Since that omg I can breath. I can't control how and what people think of me and I never will. I can only control what I think of me. If they don't like me oh well. If they do like me well they got a loyal friend.

Re: Depression- Really Struggling- may be triggering

AWWW @Zoe7 my beautiful guardian butterfly

that means so much to me Heart. i consider you guys on here family too. i have exposed more on here than with my own off screen family. if only i could reach through the screen and hug you Heart

i hope you ahve accepted that name, you are very worthy of it and have been through a low point and look here you are again, despite having your own troubles . i feel very close to you as well adn would do anything i could to help you through whatever your going through Heart

hopefully ive helped you in something ive said as well. i love being here for people esp when they need it the most. ive started becoming closer to more people such as @Phoenix_Rising @Faith-and-Hope @utopia @Former-Member and many more.

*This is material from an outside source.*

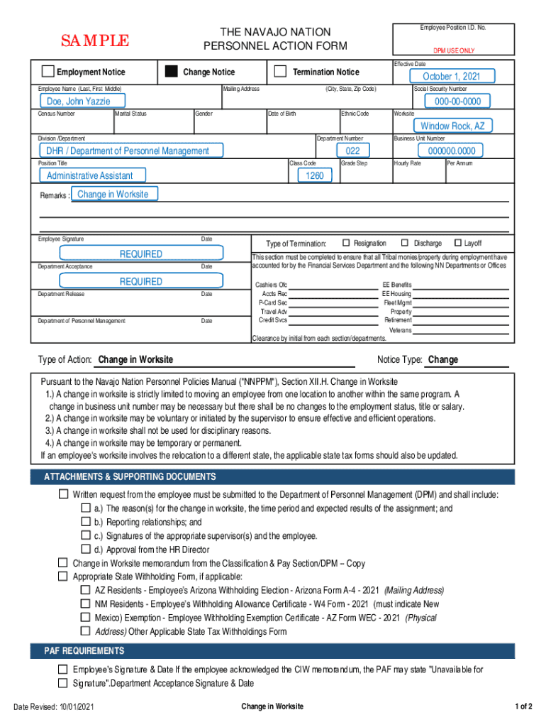 SAMPLE Employment NoticeChange NoticeEmployee Name (Last, First Middle)Effective Date October 1, 2021(City, State, Zip Code)Social Security Number. O. Box 0000; Window Rock, AZ. 86511 Marital StatusSingle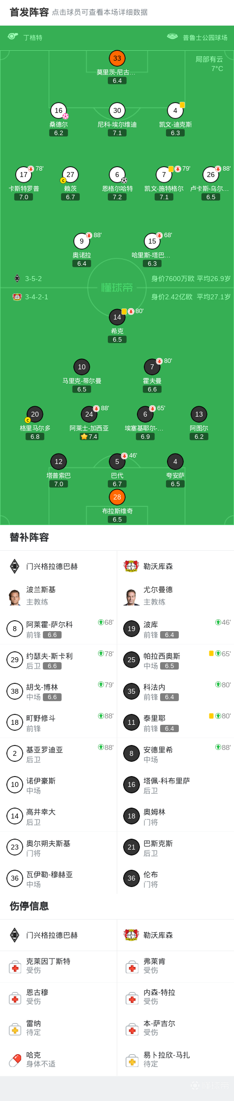 门兴1-1勒沃库森,恩格尔哈特破门,桑德尔乌龙

ive been struggling so much and its killing me (literally as its physical pain too)

Even though i dont think that about myself im glad someone else, esp coming from my guardian butterfly, thinks that. it truely means alot to me HeartHeart

P.S i hope you dont mind me calling you that, i can stop if you want me to, no offence taken Heart

 

Re: Depression- Really Struggling- may be triggering

im only living with them temporary, until my mum, her boyfriend and 2 sisters find their own house - currently looking. and when they move out ill be here with my pop as itll make it less travelling around and itll kepp pop company and i can do my caring job better. so until them im kinda stuck @Phoenix_Rising

Re: Depression- Really Struggling- may be triggering

@Former-Member

ive been told that many a time but doesnt seem to sink in, i guess my brain either doesnt want to accept it or i just cant accept it for some reason. i dont really know.  you make a very good point though. im so use to having these resposibilities as well- im20 and started caring at 16 and my sisters ive always had the sister looking after role but as i got older i guess everyone took advantage of it and they still very much too.

 

 

Re: Depression- Really Struggling- may be triggering

I am learning to accept it lol @Former-Member It is one of the sweetest things anyone has ever said to me and I'm not very good at accepting nice things being said about me - I think you can relate to that.

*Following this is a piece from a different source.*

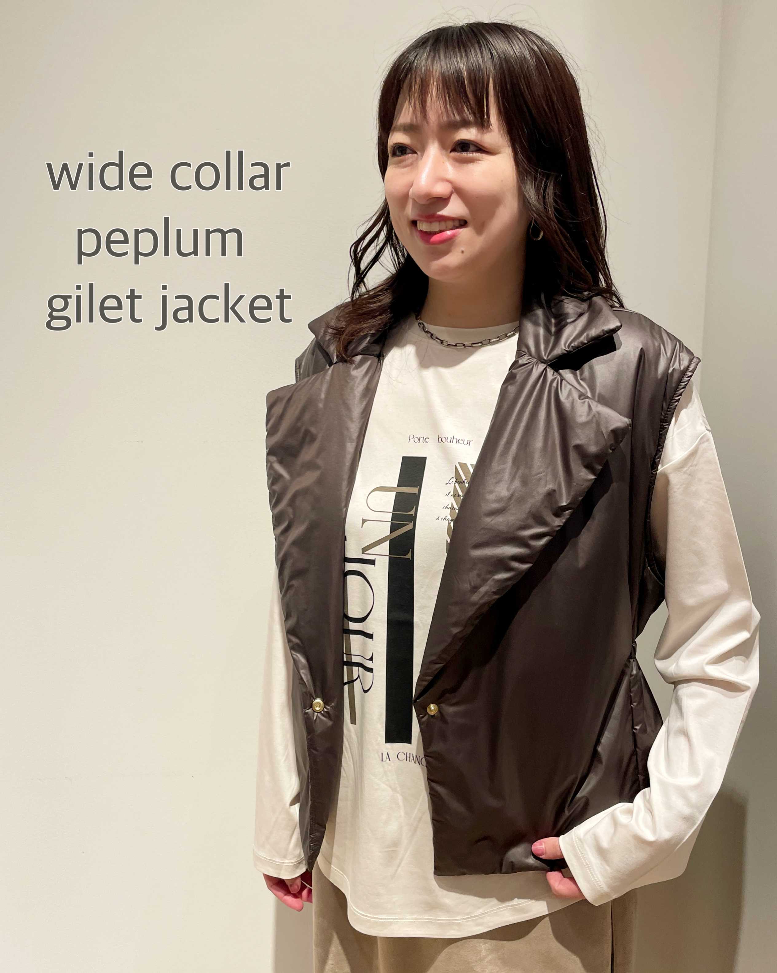 NEW 更新日:2025.10.29 anRipply 06-6646-1201 ワイドカラーペプラムジレ これからのシーズンに大活躍する中綿ジレが入荷しました! 薄手のナイロン素材を使用しているので、軽い着心地です。 ワイドカラーで小顔効果も◎ ウエスト周りはペプラムになっていて、女性らしいスタイリングにピッタリです! オンラインストア インスタグラム 関連キーワード #記念日 #プレゼント #新商品 #コーデ #お出かけ X この店舗のショップニュース スウェットライククルーロゴプルオーバー リングヤーン×シャギーVネックカーディガン フェイクファーワンハンドル2wayバッグ フェイクファー2wayバッグ ランタンスリーブブルゾン パンチングショルダーバッグ ロゴ入りブークレニット LuLuLuniy & anRipply OUTLET SALE☆ アニマル柄ショート丈ファージレ デニム ミドル丈ジャケット

You're like my little baby caterpillar - struggling to find her way in her coccoon, struggling to know how to break free, struggling to see the light. But inside that little caterpillar beats a heart of gold, a strength that will push through the coccoon wall and a wisdom that will lead her out of the darkness and into the light.

...and I will be more than proud to stand beside you, watch you grow your wings and to be able to fly.

Heart Zoe

 

Re: Depression- Really Struggling- may be triggering

Hi @Former-Member been around long enough to understand exactly what you've been feeling. But I'd like to tell you that you have helped me and I have valued your opinions whenever I have visited the forums. Been absent for a couple of days, me stuff, but I was obviously meant to hear from you so I could tell you about YOUR self worth.

Listen to @Zoe7 she knows what she is talking about. Probably doesn't even remember me but helped me with words of what I would call empathetic wisdom. 

Everyone listening to you @Former-Member @Phoenix_Rising @NikNik all understand so keep talking.

Just wish I too could look forward to srious sleep. It will help.

Re: Depression- Really Struggling- may be triggering

Oh @Baileyboy of course I remember you. It has been a while since I have seen you around though - I haven't been 'myself' for a while either though!

They are such loving words from you - thankyou. I don't remember doing too much to help you out but I must have said something right! That means a lot Heart How are you doing - still not sleeping and hating the nights too?